Cannot find a Hadamard operation between a vector and a matrix that return a matrix using C#

I can do the following using numpy:
a = np.array([[1,2],[3,4],[5,6]]) # a 3x2 matrix
b = np.array([1, 2, 3]) # a 1x3 array
c = np.multiply(a.T,b)

print© returns
[[ 1 2]
[ 6 8]
[15 18]]

Why cant I do the same Hadamard operation between a vector and a matrix using Math.Net with C#?

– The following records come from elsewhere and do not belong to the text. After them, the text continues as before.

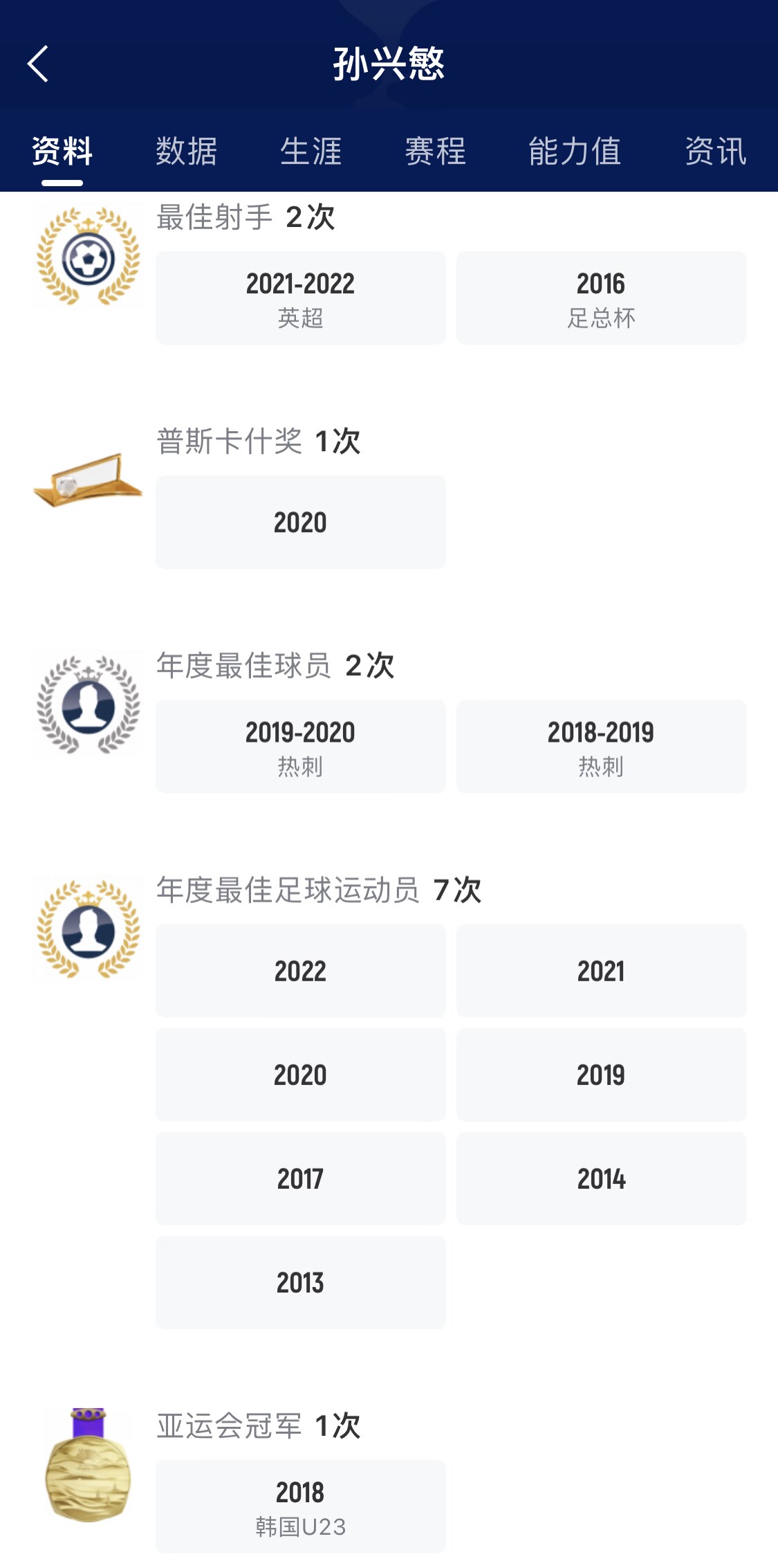 孫興慜2010年代表漢堡首次出戰(zhàn)職業(yè)聯(lián)賽,2013加盟勒沃庫(kù)森,2015年加盟熱刺,俱樂(lè)部層面尚未贏得任何冠軍榮譽(yù)。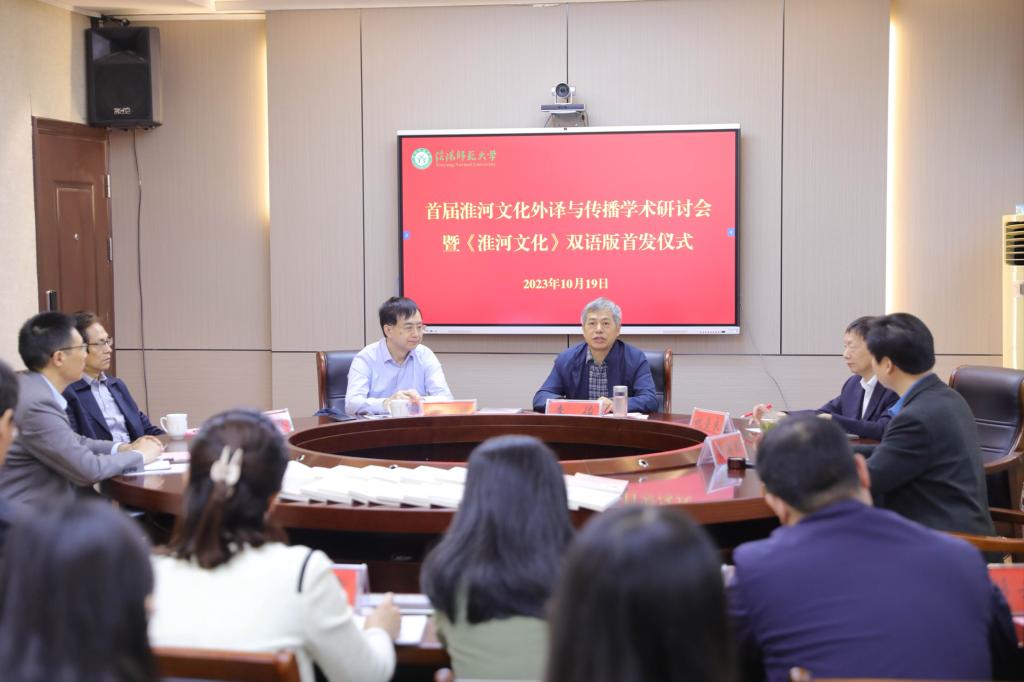 10月19日上午,首届淮河文化外译与传播学术研讨会暨《淮河文化》双语版首发仪式在我校举行。该书由省委外事办一级巡视员杨玮斌教授和新葡的京集团8814李俊校长共同发布。发布会在行政楼436会议室举行,出席本次会议的有新葡的京集团8814原社会科学处处长金荣权教授,文学院院长姚圣良教授,新葡的京集团8814党委书记陈铭、院长蔡满园、副院长余永锋、章彩云,国际交流合作处副处长王秋霞,社会科学处、学科建设办公室、炎黄学研究中心、河南省淮河文明研究中心相关负责同志,以及《淮河文化》中英文专家组成员和部分师生代表。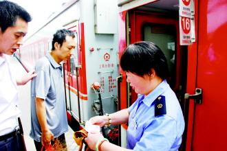 经过检票,王琪(中)踏上了回家的列车。 本报记者 赵艳虹 摄

So far as I know, you have to do it column by column:

        var M = Matrix<double>.Build;
        var V = Vector<double>.Build;

        double[,] x = {{ 1.0, 2.0 },
        { 3.0, 4.0 },
        { 5.0, 6.0 } };
        var m = M.DenseOfArray(x);

        double[] y = { 1.0, 2.0, 3.0 };
        var v = V.DenseOfArray(y);
        for (int ic=0;ic<m.ColumnCount;ic++) m.SetColumn(ic, m.Column(ic).PointwiseMultiply(v));

We do support the Hadamard product: PointwiseMultiply.

For your example where the dimensions don’t match exactly, the Hadamard product is actually undefined. I guess it is a convenience feature of numpy to allow it anyway, assuming the single-row or single-column matrix to be repeated. Currently the matrix-PointwiseMultiply requires dimensions to match exactly and thus does not support this.

I guess we could extend it to allow them to either match exactly or be exactly 1, in which case it would assume them to be repeated. If one of them is a 1x1 matrix it could do a scalar multiplication. This way you could write this in C# as m.PointwiseMultiply(v.ToColumnMatrix()), and in F# as m .* (v.ToColumnMatrix()).

We still need to convert to a column or row matrix since the vector is undirected.